You always think you’ve timed it perfectly. You find a quiet table in the corner of the coffee shop, settle in with your drink, open the laptop, and start knocking off your to-do list. Usually, you’d be at home working, but a temporary power outage has forced you to run your laptop on battery power, and I was moving into “20 minutes” left territory with four hours of work still to do. The library was also without power, yet curiously, the coffee shop wasn’t – don’t ask me how grids are mapped out.
The early birds are quietly reading or just preparing for the day; the freelancers are focused; and the retirees are sipping their caffeine in peaceful silence. You think, “Perfect. Productive morning ahead.”
And then the door swings open. A gust of cold air rolls in. A familiar vibration rattles the pastry case.
The Loud Ladies Club has arrived.
You know them the moment they appear: mid-morning, matching jackets, giant purses, and a collective volume level that could disrupt the migration pattern of Canadian geese. They don’t just enter a room. They announce themselves like a Broadway cast making its opening-night debut. Somehow, they all have the same loud cackle for a laugh.
“HELLOOOOOO!” one of them bellows, despite the barista standing two feet away. Another laughs — loudly — at absolutely nothing, like the joy is shooting out of her in uncontrollable bursts. Chairs scrape. Cups clatter. Three conversations start simultaneously, each woman determined to speak over the others. It’s like watching a panel discussion where no one realizes they’re all panelists.
You try to stay focused. You really do. But then comes the kicker: the straggler. The lone late arrival, marching through the door like she’s trekking into base camp at Everest.
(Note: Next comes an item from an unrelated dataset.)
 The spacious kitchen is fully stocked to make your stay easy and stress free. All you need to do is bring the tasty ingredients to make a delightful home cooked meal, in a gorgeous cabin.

“HEY, WE’RE OVER HERE!!” The entire café turns and thinks, Yeah, no shit! Because how could you not?
The thing is, the café is about the size of a generously proportioned shoebox. She could have found her group by simply rotating her neck 30 degrees. They weren’t exactly hard to spot because they’ve been broadcasting to the entire Western Hemisphere and parts of the Eastern Hemisphere since their arrival. But no, protocol must be observed. The ritualistic group greeting must be delivered at stadium volume.
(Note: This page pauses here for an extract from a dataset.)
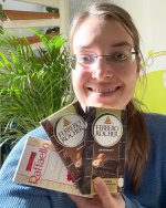 • Wertige Verpackung, sieht edel aus, schmeckt toll nach Rocher, nicht zu süß, schöner Schmelz

And then, once she joins them (after scraping her chair as loud as an F1 pit stop as she pulls it out), the decibel level hits its peak. You don’t just hear their conversation. You hear the conversations they had last week, the conversations they will have later today, and probably the ones they’ll have in 2027. It’s the only time in life you can overhear multiple past, present, and future conversations all at once.
The best part? They absolutely do not realize they’re loud.
Not even a hint of awareness. Not even when someone at the next table gives them the Look™ — you know the one: the slow head turn, the raised eyebrows, the silent plea for mercy. Doesn’t matter. They just keep going, confident that the public café is actually their living room, or better yet, their own private social club where the rest of us are temporary props.
Every three minutes, a new eruption of laughter detonates like a sonic boom. Everything brings a loud, collective cackle. Those two ducks on the water who are minding their own business? Group cackle. One French fry is nearly burned rather than that golden color? Group cackle. Those fallen leaves blowing in the wind? Group cackle. The barista has now raised the volume of the café music twice; the poor kid in the corner, pretending to study anatomy, is aging in real time; and the one quiet customer who came in for peace is now holding their mug like a stress ball.
Meanwhile, you’re sitting there with your laptop, proud that you got your work done before the flock descended, because there’s absolutely no chance of accomplishing anything once they land. Productivity? Forget it. Your brain is too busy decoding overlapping stories about grandchildren, vacation plans, a neighbour’s cat, a sale at Winners, and something vague involving someone named Brenda.
But there’s one undeniable truth: As much as they hijack the soundscape of the room, they’re harmless. Loud, yes. Obnoxious, absolutely. But they’re also having the time of their lives. And really, who hasn’t wished they could laugh that freely every once in a while?